Antigens from cancerous tumours activate the body’s immune system to produce antibodies and destroy them. Wang and his colleagues trained an AI model on millions of antibody sequences to predict its ability to bind to a target protein or antigen. 

The resulting AI pipeline is called “RESP” – a term the authors did not define – but which they did suggest is a powerful way to find useful antibodies.

“Our RESP model can predict the binding affinities of a new sequence even if it is not included in the initial screening library. A unique advantage of the RESP model compared to existing AI models is that it [calculates how] confident [its] prediction is, which can greatly help to select a small number of sequences to [test experimentally],” Wang added.

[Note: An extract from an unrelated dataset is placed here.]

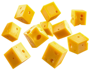 Cheese cubes floating, savory dairy appetizer ingredient, yellow food pieces for cooking or snacking, transparent background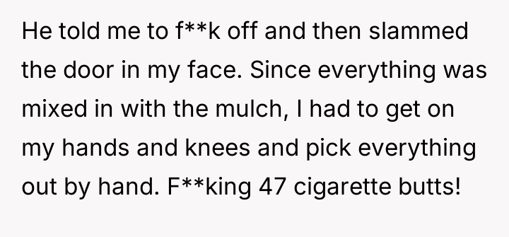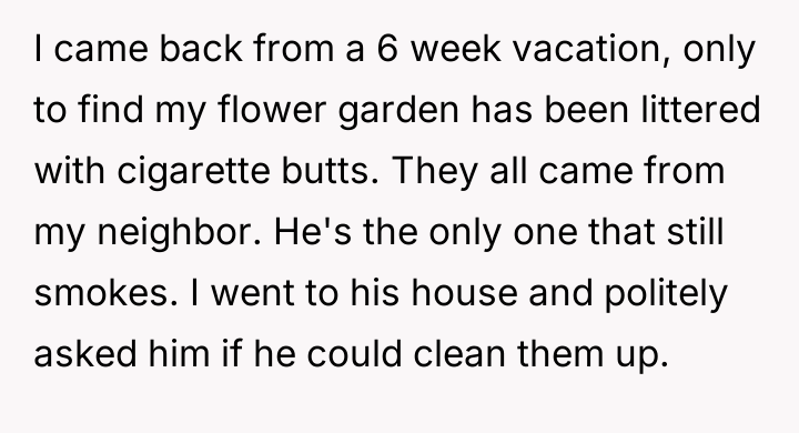 After returning from a long-awaited vacation, he was greeted not by the calm beauty of his flower garden, but by the careless scars of cigarette butts scattered like wounds left behind by a neighbor’s disrespect. The silent fury of having to crawl on hands and knees to pick up 47 remnants of thoughtlessness ignited a fire within him, a quiet rebellion against the blatant disregard for his sanctuary.

The model screens antibodies more efficiently than traditional computational methods, and scientists can use its predictions to find the most promising new candidates to synthesise and test in lab experiments. AI speeds up the drug discovery process so companies can progress towards clinical trials more quickly. 

“By combining these AI tools, scientists may be able to perform an increasing share of their antibody discovery efforts on a computer instead of at the bench, potentially leading to a faster and less failure-prone discovery process,” Wang said in a statement. “There are so many applications to this pipeline, and these findings are really just the beginning.”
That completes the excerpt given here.